Remember that professional photographers provide a service. They take great photos. That's what they get paid for. Your average pro is going to charge between $200 and $1000 per shoot. But you aren't a pro as far as friends and family are concerned. You're a friend or a family member. That means they expect you to cut them a deal. So in a sense, the question is ill-suited to your task.
Agreed, Max. There are a considerable number of variables as you indicated.
I only went to your "best shots" and hopefully between now and 2008 you will try to sell photos without the pets ears cropped off. Perhaps at the moment you might take the actual costs of supplying the prints and either charge an X factor for your price or take that X factor as paying your dues for the experience. At least that way you are not out of pocket.
I shoot commercial/editorial work. Editorial weekly gets my hourly rate because I work for them. Do not ask because it is pitiful. Editorial for our magazines is slightly better. 75 to 300 dollars per shot depending on placement. Commercial work is generally $150 per hour. A lot of wheeling and dealing goes on when I work on larger projects. Large projects are generally 1,500 bucks.
Love & Bass
including hours spent post processing?
Either it was covering your time spent in the darkroom, or it was covering your overhead for having a lab do it.
Your pet shots are just fine. Good candids, well exposed and yes, while you've cut an ear off or two, I think it's just fine to do so sometimes. You've asked questions that really require more information. Are you wanting portrait prices, prices for 'fine art' prints or for editorial/commercial use? I'll assume you're talking about pet/people portraits since you've mentioned doing work for family and friends.
I charge between $100-$150 for a portrait session depending on the type. Pets, kids and families - $100, Boudoir - $150. With that they get up to 2 hours of photography and an online gallery of their images for 14 days.

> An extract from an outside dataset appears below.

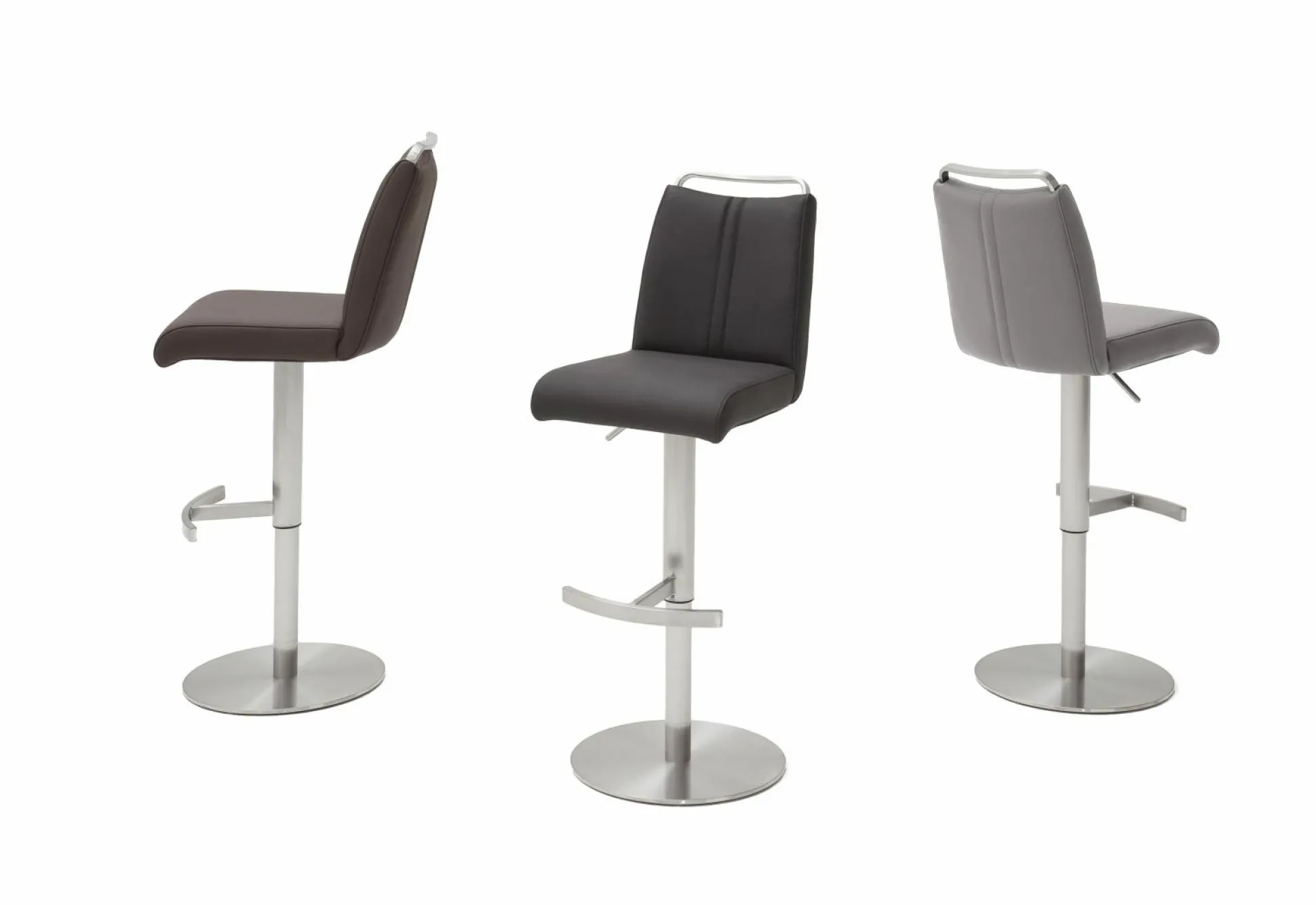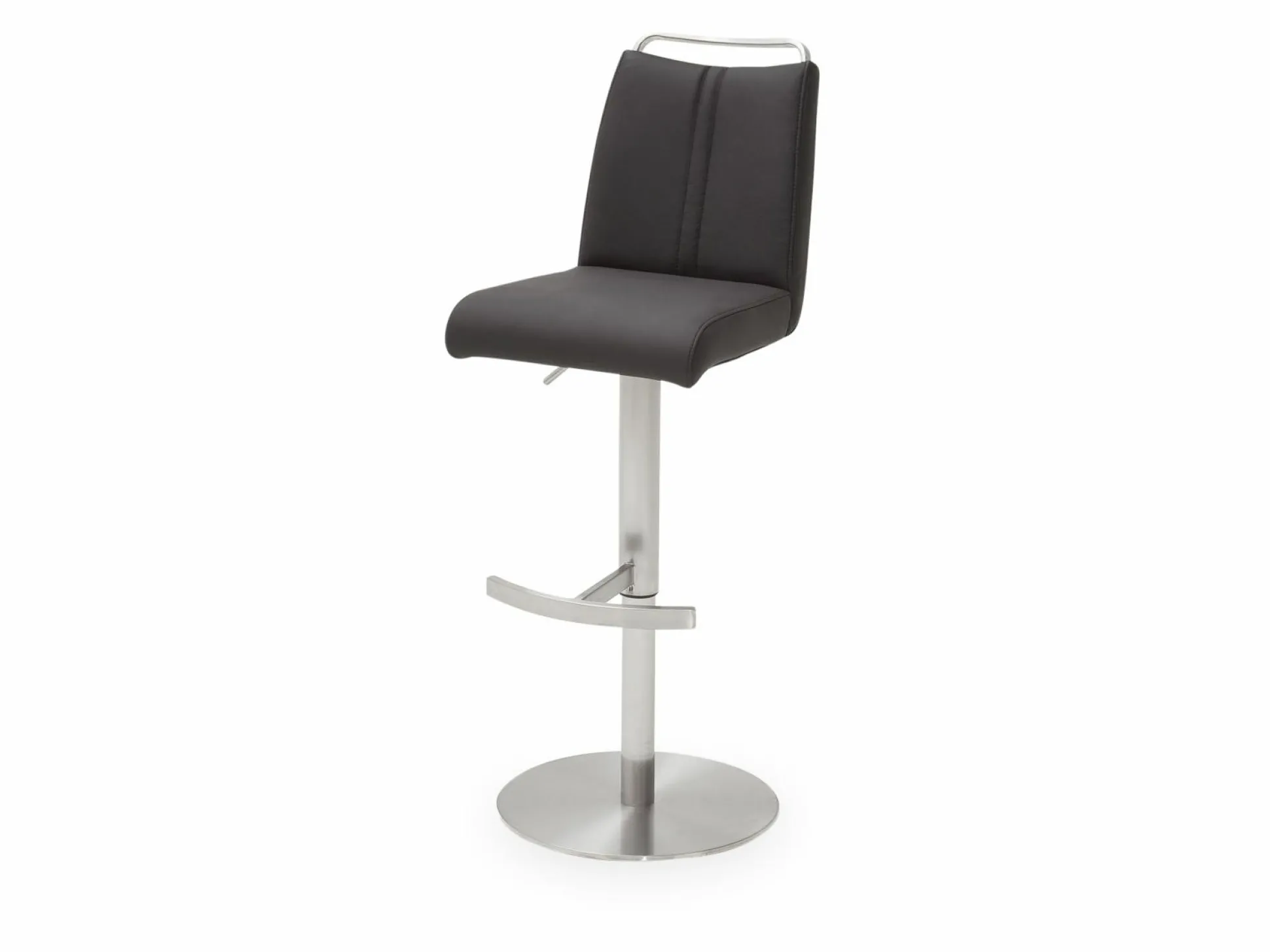 Der Barstuhl verfügt über einen anthrazitfarbigen Lederbezug und ein elegantes Edelstahlgestell. Der in die Rückenlehne eingearbeiteter Griff ermöglicht nicht nur eine einfachere Handhabung des Stuhls, er ist zudem ein dekorativer Akzent.
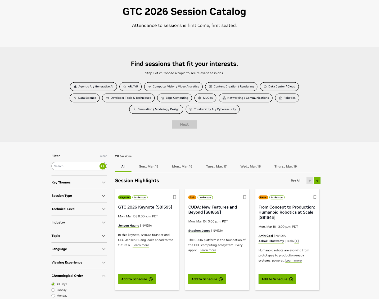 Browse the full GTC Session Catalog to start building your personalized agenda.

Families take about an hour to an hour and a half to photograph, boudoir - 2 hours. Print prices are as follows....
I don't sell images smaller than 5x7 except wallets and I only sell those in larger quantities.
5x7 - $25
8x10 - $40
11x14 - $100
16x20 - $150
I'm in So Cal so those prices are extremely reasonable.
Good luck and keep shooting. Get all your safe shots and then try to improve something in your work or try something new every time you pick up your camera. I think you'll be happily surprised to see your work evolve in a very good way. :thumbup:
I have posted this before. Calculate ALL your costs, print, stamps, packing, shipping both to you and you shipping the final print. Figure it as a one piece price, and don't forget anything. You may want to start with a pro lab print delivered to you as a basis. After adding up all the variables, multiple by 3.3 X if you are a home based business with very little overhead, 5.5X for a pro storefront business. Use these numbers as a bare minimum. Then go up from there. After you print your price lists, if they don't work throw them out. Don't stick with them just because you have a box of 500 still on the shelf. A well know pro photographer in Ohio with a small chain of studios teaches this in his seminars. Larry Peters been shooting for over 30 years, and making a decent living at it. He claims almost all startup photogs undervalue there services. If you are struggling to make ends meet, raise your prices and don't be shy about it. You might want to contact your past customers and tell them you are running a sale, last chance to get your portraits at the old price. Come in now to beat the price increase!